### Requirement
Excerpt from the entries below: please repeat exactly the lines from the one containing "Schrittfehler erzählt von" through the last one, both ends included, with no pictures.

☆ ☆ ☆ ☆ ☆

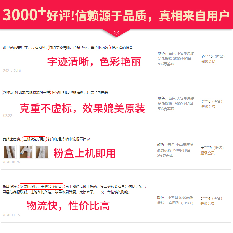 Black Small-Capacity Original Quality Carbon Powder 5500 Page Inquantity 5% Coverage Red Small Cap Original Quality Carbon Powder 3500 Page Inquantity 5% Coverage Yellow Small Cap
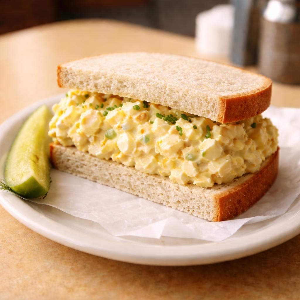 Old-fashioned egg salad made fresh daily with mayo, celery, and a pinch of paprika on soft white bread. Grandma's recipe.
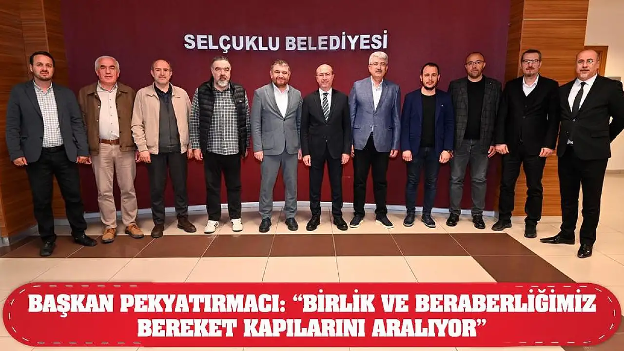 Ziyaretten duyduğu memnuniyeti dile getiren Selçuklu Belediye Başkanı Ahmet Pekyatırmacı da, “Bunu hep dillendiriyoruz, söylerken de gurur duyuyoruz; Konya birlik ve beraberlik ruhundan aldığı güçle büyük kazanımlar elde ediyor. Şehrin birlikteliği bereketin kapılarını aralıyor. Yeni dönemde de inşallah gerek belediyelerimiz, gerek kamu kurum ve kuruluşlarımız, gerek STK’larımız ve gerekse de şehrimizin en önemli değerlerinden biri olan medyamız ile birlikte Konya için var gücümüzle çalışmaya devam edeceğiz. Şunu çok iyi biliyoruz ki yaptığımız bir hizmeti duyuramadığımız sürece o hizmeti sadece yapmış oluyoruz. Hizmet halk için yapılır. Halka hizmetlerin duyurulmasında da Konya medyamızın üstlendiği misyon çok önemlidir. Şehre yaptığımız her bir dokunuşta sizlerin de katkısı bulunuyor. Bu katkılarınızdan dolayı ben de sizlere teşekkürlerimi iletiyorum” ifadelerini kullandı.
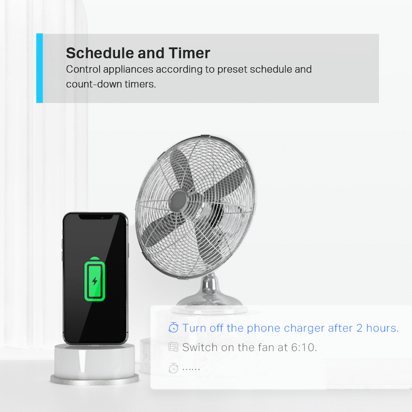 TP-Link Tapo P100(1-Pack) Wi-Fi 2.4G(1T1R), BT OnboardingRemote Control – Instantly turn connected devices on/off wherever you are through the Tapo appSchedule – Preset a schedule to automatically manage devicesTimer – Create countdown timer lists for connected electronicsVoice Control – Manage your smart plug with voice commands via Amazon Alexa or the Google AssistantAway Mode – Automatically turns devices on and off at different times to give the appearance that someone is homeCompact Design – Mini-sized to avoid blocking adjacent socketsEasy Setup and Use – No hub required, set up quickly and manage easily through the free app
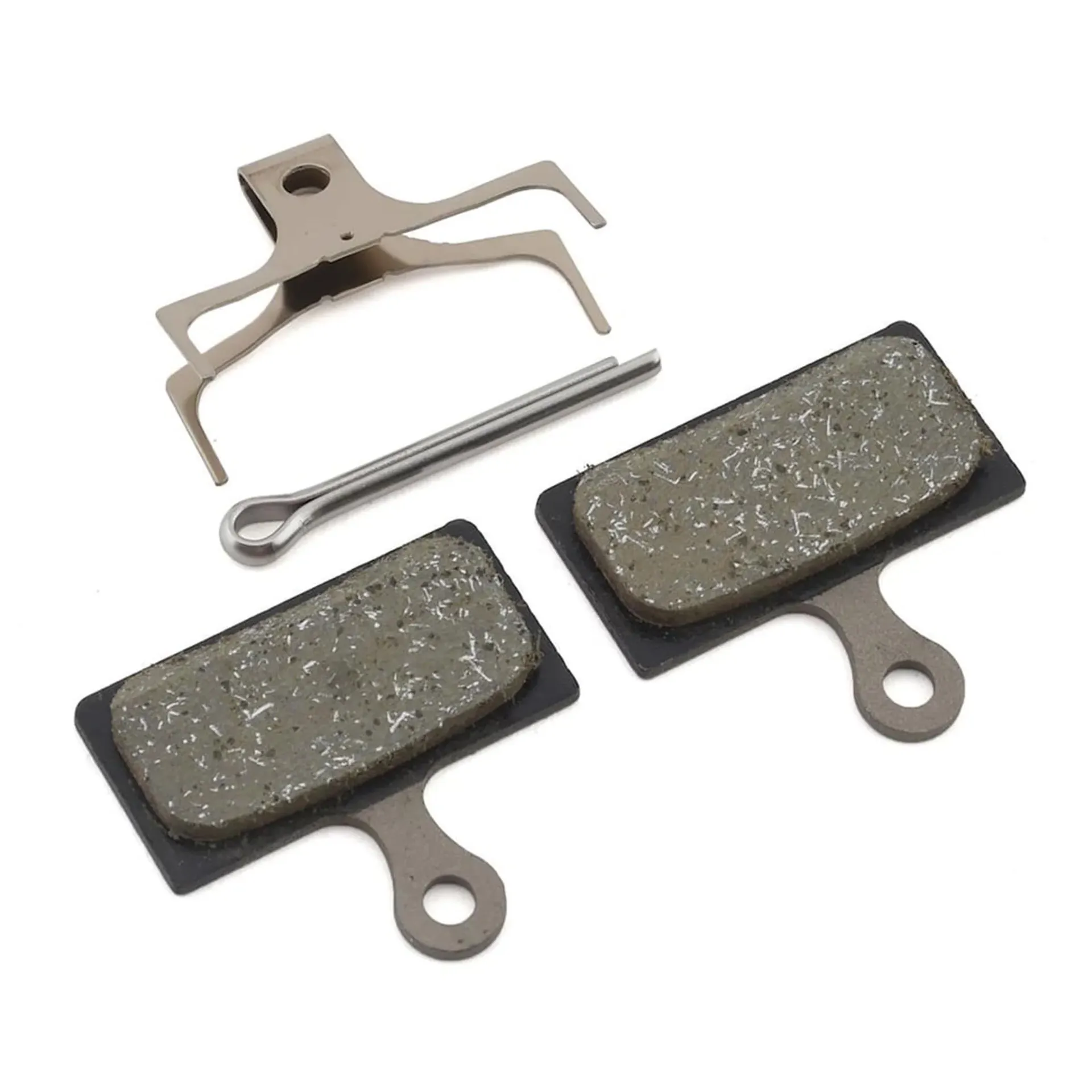 These disc brake pads include a pair of pads, a spring, and a cotter pin. They are designed for use with various Shimano braking systems.
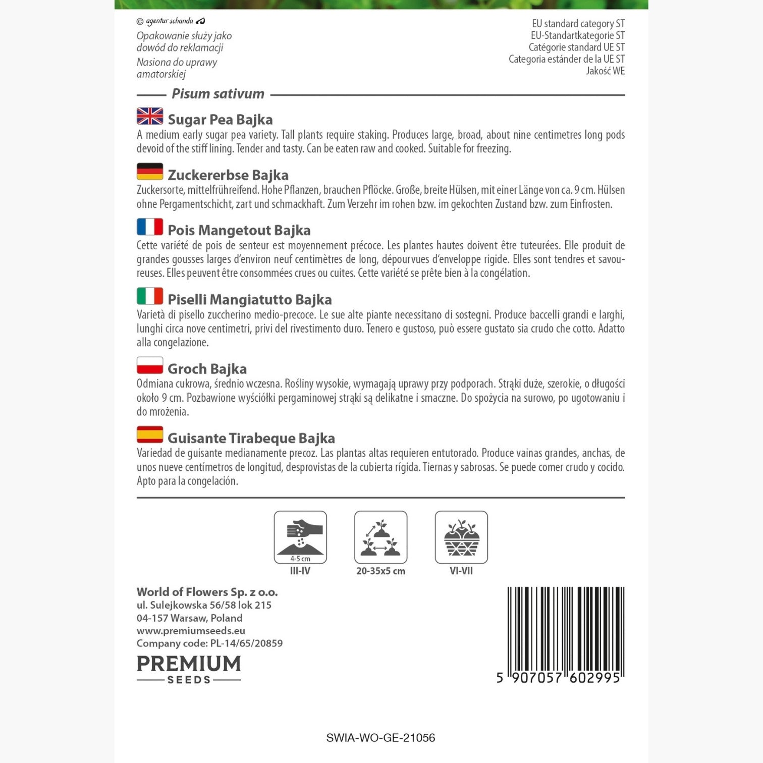 Zuckererbse Bajka - Schnelles Wachstum, Hoher Ertrag
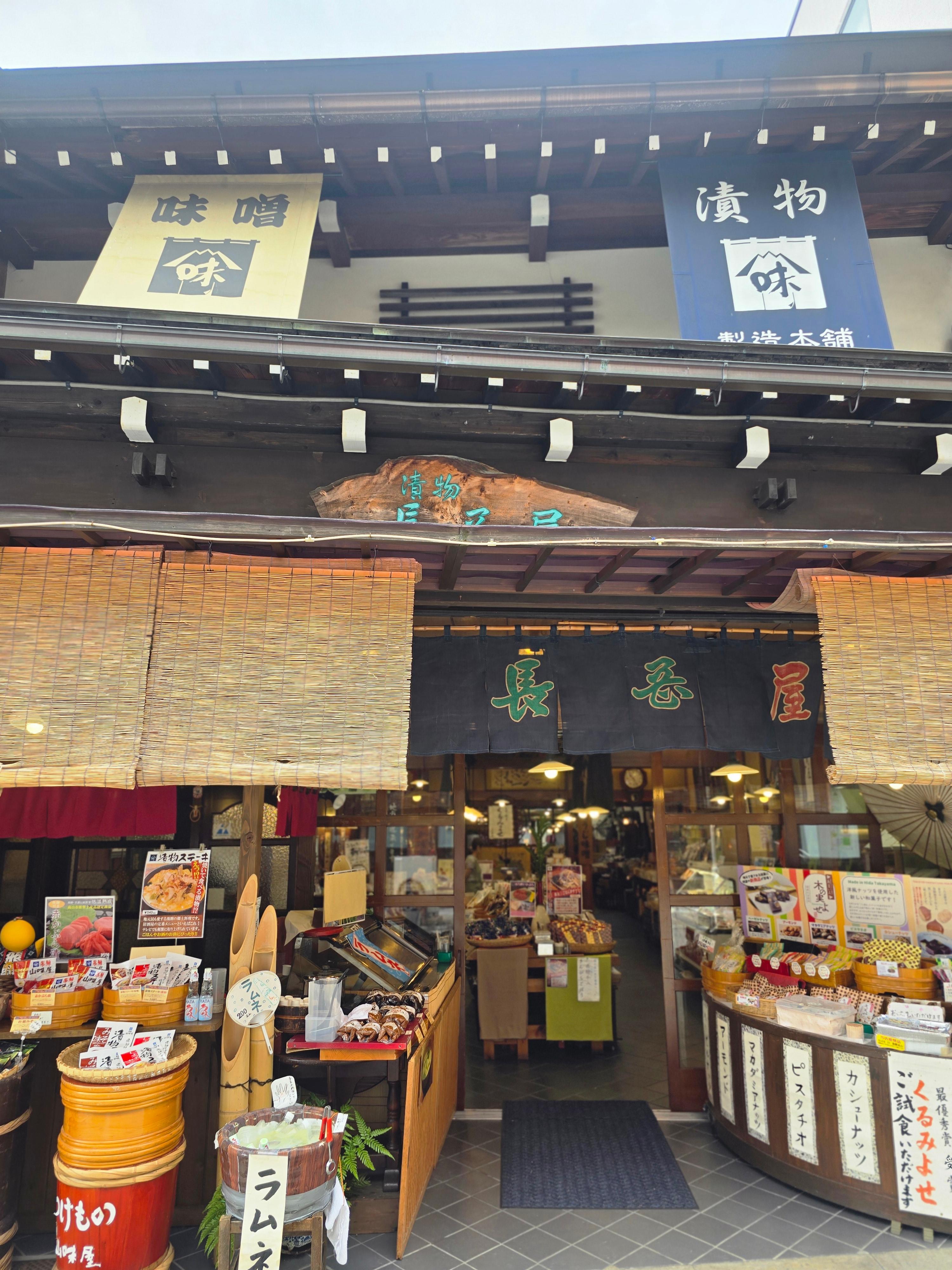 다카야마의 전통된장을 비롯하여 다양한 절임류를 판매하는 매장입니다. 결국 여기서 다카야마의 된장을 하나 샀습니다.
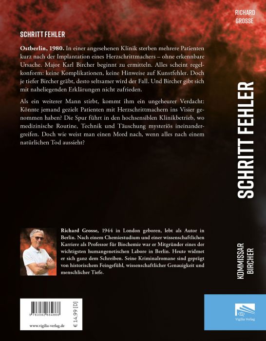 Schrittfehler erzählt von den Grauzonen zwischen Technik und Verantwortung, von einem System, das Fehler nicht eingestehen darf – und von einem Ermittler, der an der Schwelle zwischen Pflicht und Wahrheit steht. Richard Grosse zeichnet ein präzises Bild des medizinischen Alltags in der späten DDR – und öffnet den Blick auf Fragen, die weit über die damalige Zeit hinausweisen: Was passiert, wenn Technologie zur Waffe wird? Und wer schützt uns, wenn die Beweislage versagt?
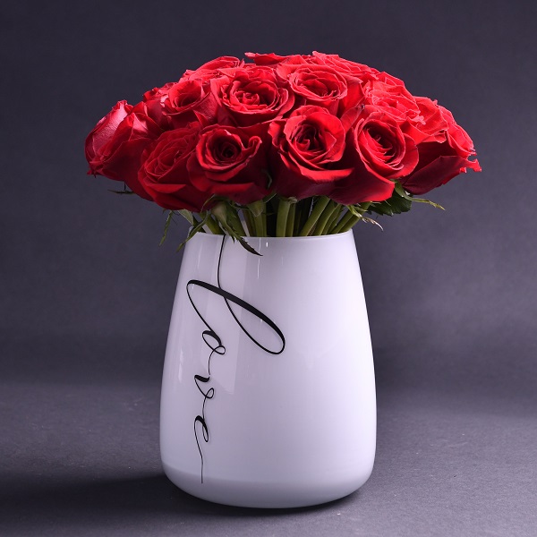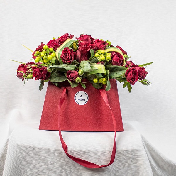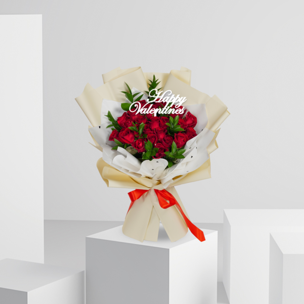 Capture hearts with this hand bouquet containing 25 radiant red roses and ruscus leaves, elegantly wrapped in heart-printed and cream paper. A romantic and charming arrangement, perfect for Love Day, anniversaries, or expressing your deepest affection.
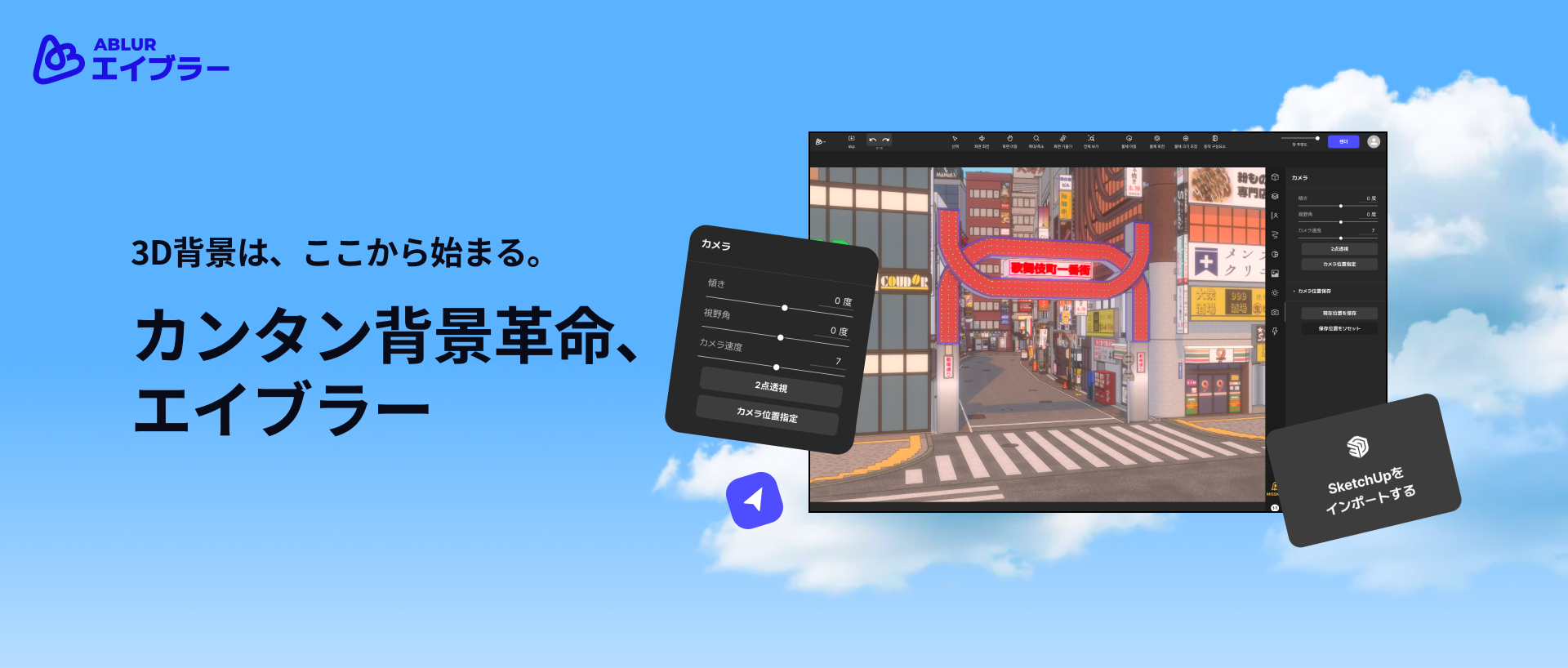 「カンタン背景革命、エイブラー」は、漫画家がこれ以上「背景」に悩まなくてすむように生まれた、漫画制作に特化した3D背景作画ソフトです。

☆ ☆ ☆ ☆ ☆

### Task answer
 Schrittfehler erzählt von den Grauzonen zwischen Technik und Verantwortung, von einem System, das Fehler nicht eingestehen darf – und von einem Ermittler, der an der Schwelle zwischen Pflicht und Wahrheit steht. Richard Grosse zeichnet ein präzises Bild des medizinischen Alltags in der späten DDR – und öffnet den Blick auf Fragen, die weit über die damalige Zeit hinausweisen: Was passiert, wenn Technologie zur Waffe wird? Und wer schützt uns, wenn die Beweislage versagt?
 Capture hearts with this hand bouquet containing 25 radiant red roses and ruscus leaves, elegantly wrapped in heart-printed and cream paper. A romantic and charming arrangement, perfect for Love Day, anniversaries, or expressing your deepest affection.
 「カンタン背景革命、エイブラー」は、漫画家がこれ以上「背景」に悩まなくてすむように生まれた、漫画制作に特化した3D背景作画ソフトです。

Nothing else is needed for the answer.